Pirate metal is a thing. And some metalheads have a problem with that, but not for the reason you think. Yes, some critics of Alestorm just think that jokes aren’t metal, but an overwhelming number of erudite headbangers are complaining that the original pirate metal band has been overlooked and they are (wait for it) pirating the originators.
Running Wild, who took its name from a Judas Priest song, released a couple of poorly produced but otherwise solid albums on the hallowed Noise Records label that were indicative of the mid-80s underground scene. Then in 1987, Under Jolly Roger saw the German band adopting pirate themes in their lyrics and album cover art, plus they traded in their chains and leather for breeches and waistcoats. Pirate metal was born!
There have been other bands to proudly wear the label such as Australia’s Lagerstein, Iron SeaWolf from England, and most notably, New Jersey’s Swashbuckle, who released a couple of albums on Nuclear Blast. There was even a “Piratefest” tour, a landlubber Lollapalooza that hit three continents a few years back. But Alestorm is the best known pirate metal band, old salts with half a dozen albums to its credit, seadogs who are constantly at sea – um, on tour – usually paired with folk metal package tours with names such as “Heathenfest” and “Paganfest,” though this summer the Scots will be plundering the United States on the 2017 Warped Tour! Shiver me timbers!
To some being on the punkette junket further delegitimizes the band because it is obvious that Alestorm’s gimmick is the selling point, but No Grave But the Sea (Napalm Records) is a fantastic album that combines power metal at its most anthemic with the instrumentation of folk metal. It’s over the top, unabashedly cheeky, and highly uplifting. Every song on the album makes you want to sway a tankard of mead rhythmically like you’re at a nautical renaissance faire.

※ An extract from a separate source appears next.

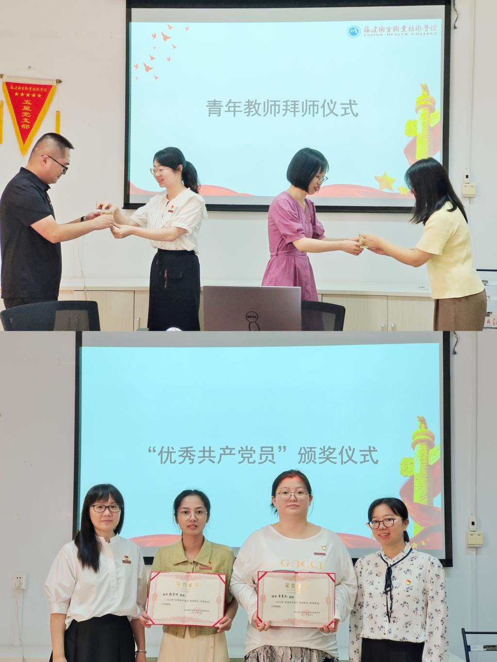 結(jié)合本次主題黨日活動主題,直屬馬克思主義學院黨支部開展了慶祝第39個教師節(jié)活動,全體黨員教師在黨支部書記熊美蘭的帶領(lǐng)下,共同立下錚錚誓言,牢記習近平總書記殷殷囑托,牢牢扛起光榮使命。為充分發(fā)揮優(yōu)秀骨干教師對青年教師的傳、幫、帶作用,使青年教師盡快成長,馬院舉行青年教師拜師儀式,鄒亞彤、劉宗永兩位新進教師分別向?qū)焸兙床?、拜師。黨支部書記熊美蘭、副書記賴文金分別為獲得2023年“優(yōu)秀共產(chǎn)黨員”的張茵珠、曾美玲兩位同志頒獎,希望受到表彰的同志珍惜榮譽、發(fā)揚成績,爭取更大光榮。榮獲“三育人先進工作者”的張茵珠老師作了交流分享,她表示在今后的工作中會更加積極配合,少點借口、計較,多點認真、用心,力爭取得更好地成績。

It’s unlikely that the Mexican tourism board will use “Mexico” in a commercial; even though Alestorm clearly love to go “far to the south where the cactus grow,” its main attraction is “tequila and a donkey show.” The song’s attraction is the riff, doubled with accordion fills, and a disco-level catchy chorus (not atypical for a band that covered The Village People before). “To the End of the World” has epic brass and a hearty chug, as if Ennio Morricone covered Iron Maiden; “Alestorm” could be typical mook metal, but can’t be with such a catchy chorus describing all that a pirate needs (rum, beer, quests, and mead, if you really had to ask) and so much squeezebox, daddy never sleeps at night.
“Fucked with an Anchor” rhymes anchor and wanker (well, they are Scottish) and “Rage of the Pentahook” is classic thrash with the accent on the downbeat to give it a jaunty, Caribbean feel. Album closer “Treasure Island” is the theme song to the best theme park you would ever want to visit. Pirate treasure is usually gold doubloons, but if at the end of a long voyage you opened up the treasure chest you just appropriated and all it contained was a copy of No Grave But the Sea, that would make a pretty good consolation prize.